The reviewer found this study presents at best incremental advances to the field. It doesn't provide substantial progress conceptually or experimentally from Eldar et al., 2003, Adleman et al., 2022 and particularly Nahmad and Stathopoulos, 2009. The experimental data and interpretation appear to lack the rigor needed to challenge the model predictions.

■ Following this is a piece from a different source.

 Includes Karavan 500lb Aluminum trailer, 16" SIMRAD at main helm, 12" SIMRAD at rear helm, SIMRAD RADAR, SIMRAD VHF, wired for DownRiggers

The authors pitched the difference between dpp and col in their response to hh dosage change as a tradeoff between robustness and precision. Specifically, the robustness refers to positioning and the precision refers to sharpness, which are somewhat arbitrary - as robustness could also refer to maintaining the sharpness of a expression boundary and precision can also refer to the position. Particularly for dpp, whose developmental significance of stripe position and sharpness is not analyzed (disc growth, pSmad, etc, for example - does a sharper but more mislocated dpp domain help the tissue?). The relationship between positioning and sharpness of a pattern in a morphogen system has been extensively discussed by many authors on a theoretcial level. The authors' theoretical analysis is clear and simple but not new. Experimental evidence indicates that dpp and col are regulated very differently by hh, particularly in terms of timing of response (Nahmad and Stathopoulos, 2009). No comparison of the GRNs from hh to these two genes was made or experimentally tested. It is difficult to conclude that their behaviors in response to hh dosage change are indeed from the hh gradient profile. It is also difficult to speculate if either of these genes (particularly dpp) is facing a true biological tradeoff or tuning back and forth between positioning and sharpness during evolution.

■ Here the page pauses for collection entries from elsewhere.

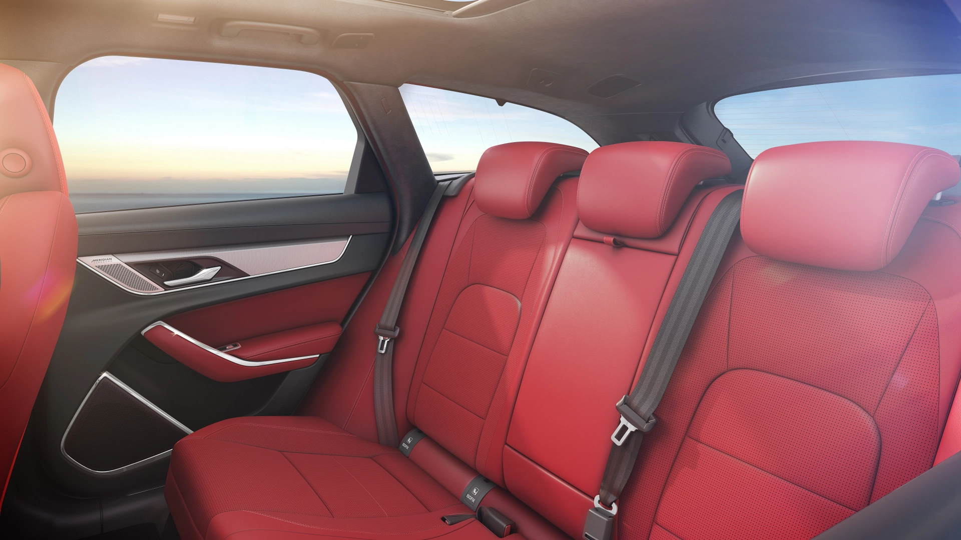 Le più grandi novità si trovano internamente. L'abitacolo, infatti, è stato pesantemente rivisto per migliorarne la qualità. La console centrale è "dominata" dal display da 11,4 dell'infotainment Pivi Pro di Jaguar, che presenta una grafica più nitida e un'interfaccia utente più intuitiva. Ovviamente sono presenti i supporti ad Apple CarPlay e ad Android Auto. Arrivano pure gli aggiornamenti OTA ed un sistema di ionizzazione dell'aria. Disponibile anche il supporto alla ricarica wireless degli smartphone.
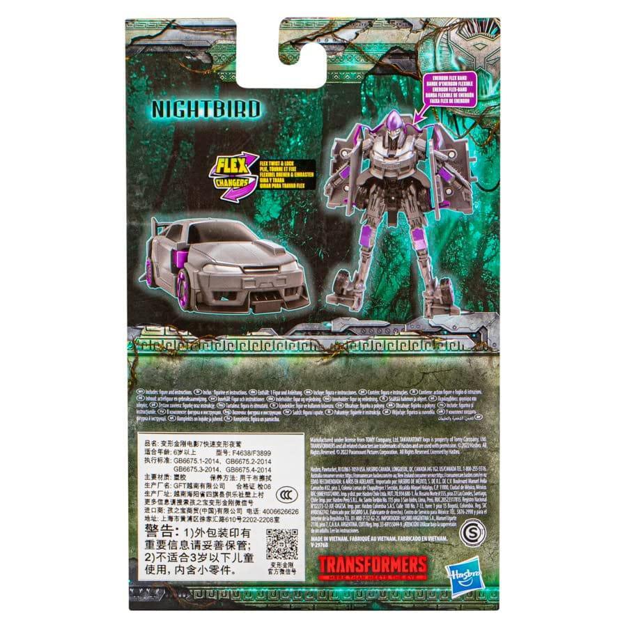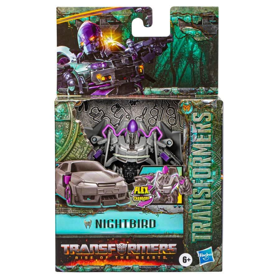 Transformers Flex Changers bring the power of Energon to life! Inspired by Transformers: Rise of the Beasts, Nightbird F4638 quickly converts between robot and alt mode with just a few simple steps. Join the epic adventure featuring the Maximals, Predacons, and Terrorcons.
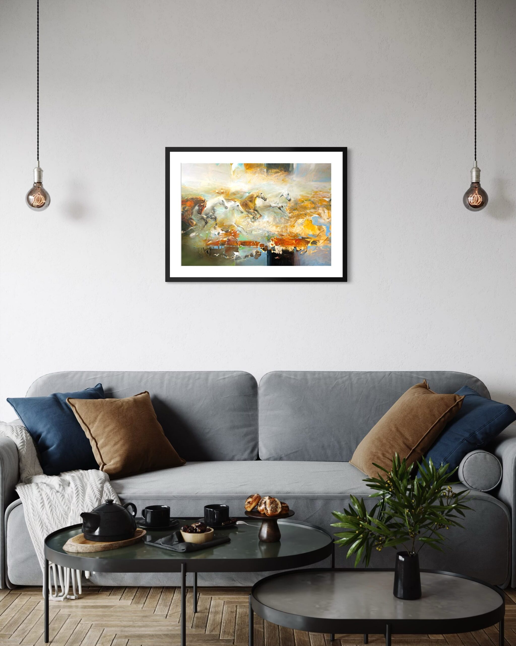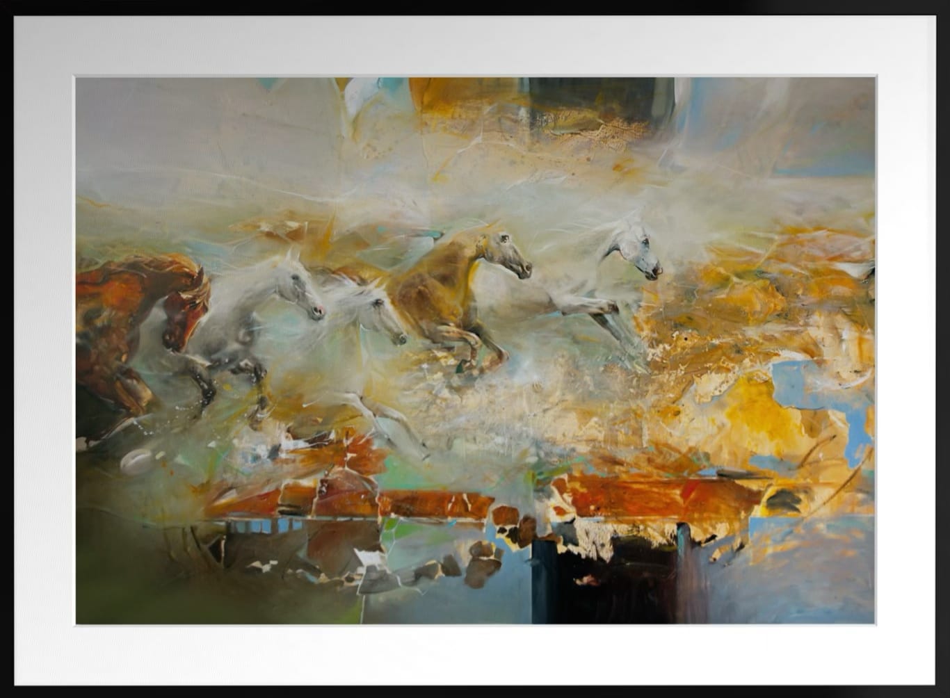 A breathtaking abstract expressionist masterpiece depicting galloping horses dissolving into swirling clouds of gold, cream, and turquoise. The dynamic brushwork and ethereal quality capture untamed freedom and poetic movement across dreamlike plains. Spectacular focal point art for collectors seeking emotion, energy, and sophisticated color harmony.
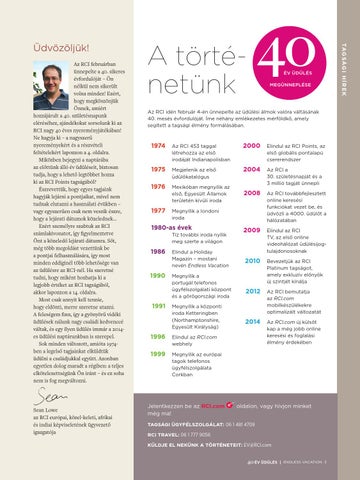 Az RCI februárban ünnepelte a 40. sikeres évfordulóját – Ön nélkül nem sikerült volna mindez! Ezért, hogy megköszönjük Önnek, amiért hozzájárult a 40. születésnapunk eléréséhez, ajándékokat sorsolunk ki az RCI nagy 40 éves nyereményjátékában! Ne hagyja ki – a nagyszerű nyereményekért és a részvételi feltételekért lapozzon a 4. oldalra. Miközben bejegyzi a naptárába az előttünk álló év üdüléseit, biztosan tudja, hogy a lehető legtöbbet hozza ki az RCI Points tagságából? Észrevettük, hogy egyes tagjaink hagyják lejárni a pontjaikat, mivel nem tudnak elutazni a használati évükben – vagy egyszerűen csak nem veszik észre, hogy a lejárati dátumok közelednek... Ezért személyre szabtuk az RCI számlakivonatot, így figyelmeztetve Önt a közeledő lejárati dátumra. Sőt, még több megoldást vezettünk be a pontjai felhasználására, így most minden eddiginél több lehetősége van az üdülésre az RCI-nél. Ha szeretné tudni, hogy miként hozhatja ki a legjobb értéket az RCI tagságából, akkor lapozzon a 14. oldalra. Most csak annyit kell tennie, hogy eldönti, merre szeretne utazni. A feleségem finn, így a gyönyörű vidéki üdülések nálunk nagy családi kedvenccé váltak, és egy ilyen üdülés immár a 2014es üdülési naptárunkban is szerepel. Sok minden változott, amióta 1974ben a legelső tagjainkat elküldtük üdülni a családjukkal együtt. Azonban egyetlen dolog maradt a régiben: a teljes elkötelezettségünk Ön iránt – és ez soha nem is fog megváltozni.
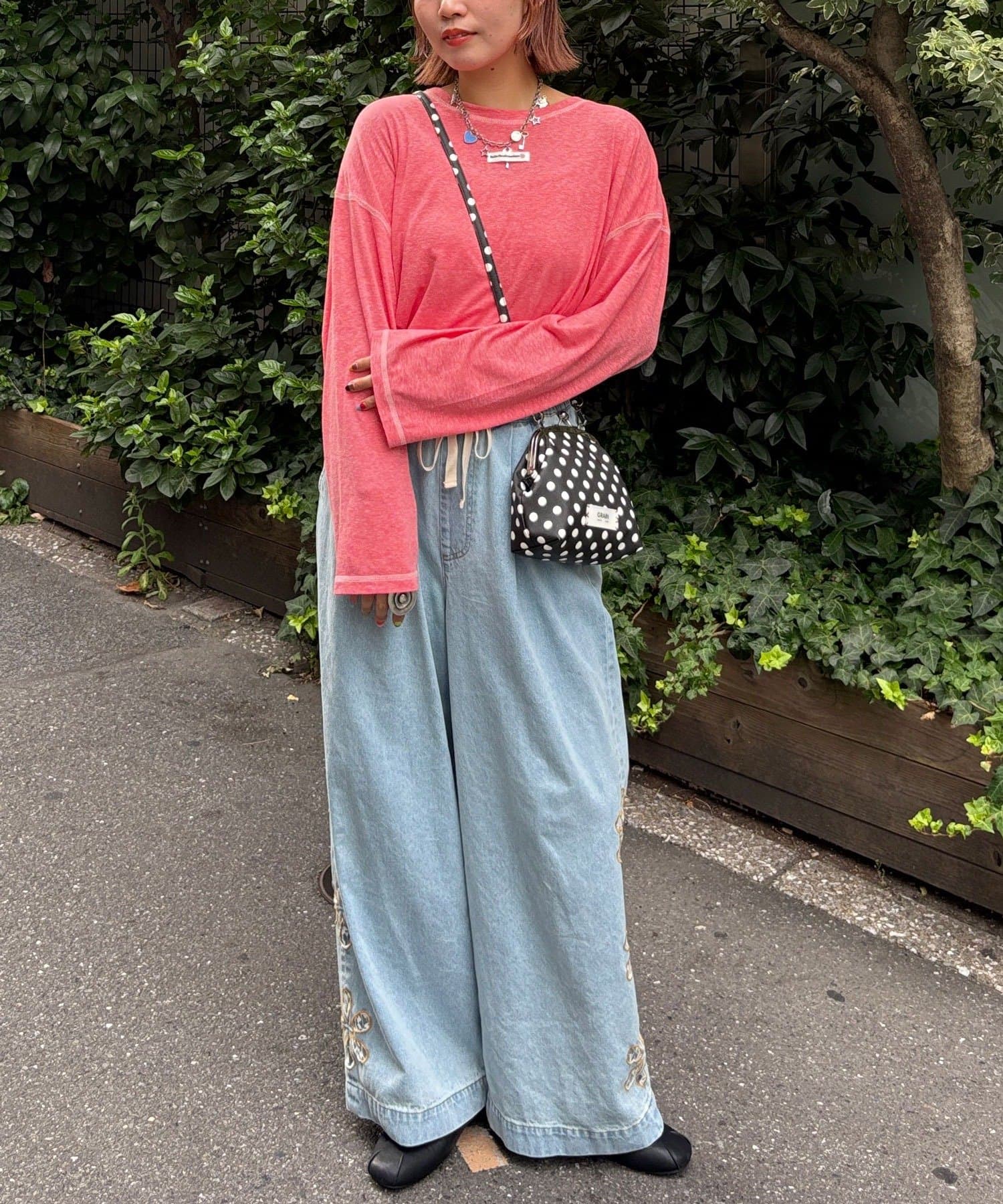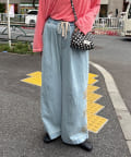ゆるっと穿けるウエストゴム&ひも仕様で、リラックス感とトレンド感を両立。

Methods 4.5: To measure widths of gene expression patterns, the authors used a background subtraction, followed by normalization and then thresholded the boundary at 0.2 - this approach firstly is oversimplifying the profile of the expression gradient/profile which could be informative in model testing (e.g., sharpness of dpp?). Secondly, the sequence of the analysis steps may introduce larger errors to lower signal-to-noise images where the subtraction narrows the pattern more than those with higher signal-to-noise (e.g., the 18 degree vs 25 degree images, Fig.6A), this would result in errors in the width measurements. Importantly, disk size and wing size controls are not reported.